If you work in Cursor with Claude or another model, you can let the AI create PrivateNotes on your behalf. The MCP (Model Context Protocol) server adds a create_private_note tool that the agent can call automatically.

Add this to ~/.cursor/mcp.json:

{
  "mcpServers": {
    "privatenote": {
      "command": "npx",
      "args": ["-y", "privatenote-mcp"]
    }
  }
}

• Restart Cursor and check Settings → MCP — you should see privatenote with a green dot
• Then just tell the agent: "Send this API key securely, burn after reading"
• The agent calls the tool, encryption runs locally, and you get a link

One thing to understand about AI and secrets

When you include a secret in an AI prompt, the model reads it before the MCP tool encrypts it. The AI provider's servers briefly see the content.

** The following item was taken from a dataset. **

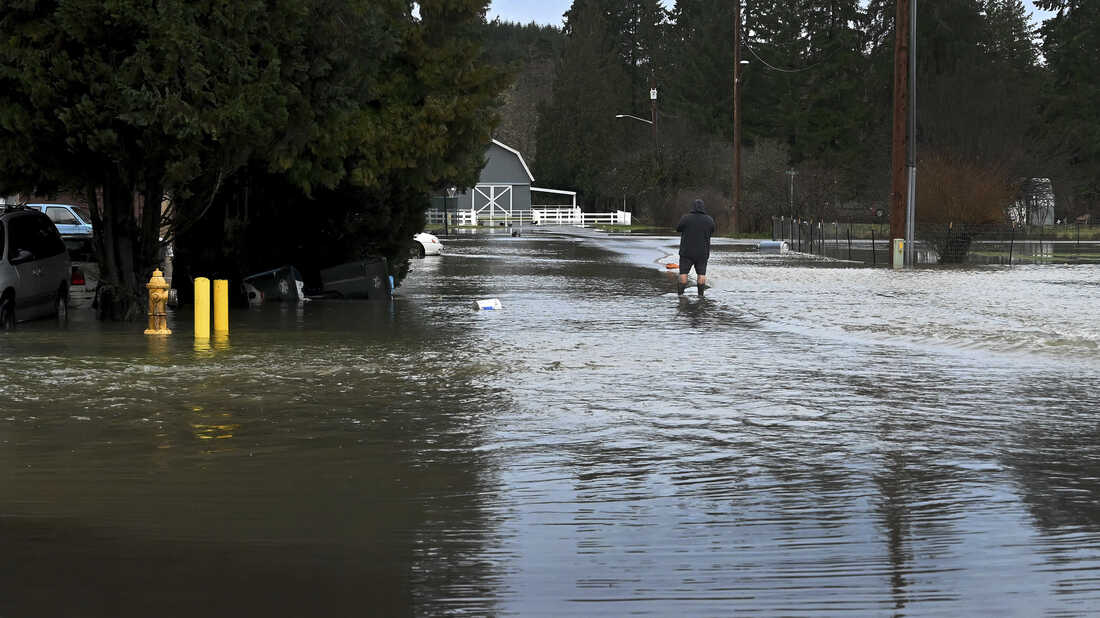 A man wades through rising water from the nearby Skookumchuck River to take a photo in the town of Bucoda, Wash., Friday, as area rivers and snow runoff begin to accelerate flooding in the south sound.

This is still a meaningful improvement over sending it through Slack — the secret doesn't end up in persistent chat history, email, or server logs. But it's not the same as the AI never seeing it.

For full end-to-end privacy when using an AI agent, use a local model running on your machine (like Ollama). Then nothing leaves your computer until it's already encrypted.

No install needed: the web app

If you're not in VS Code, or you're on a machine without your usual setup, the web app at privatenote.ai does the same thing in any browser.

Paste your secret, choose an expiry, click Create. Share the link. The encryption logic runs in your browser — the same AES-256-GCM, the same key-in-fragment architecture.

What to remember

The link contains the decryption key. Treat the URL with the same care as the secret itself — don't post it in a public channel.

Once a burn-after-reading note is opened, the link is dead. Neither you nor the recipient can re-open it.

If you've typed a secret into an AI prompt, consider rotating it after sharing. The prompt was seen. The PrivateNote link wasn't — but the underlying credential was.

For secrets that need to persist, use a proper secrets manager. PrivateNote is for delivery, not storage.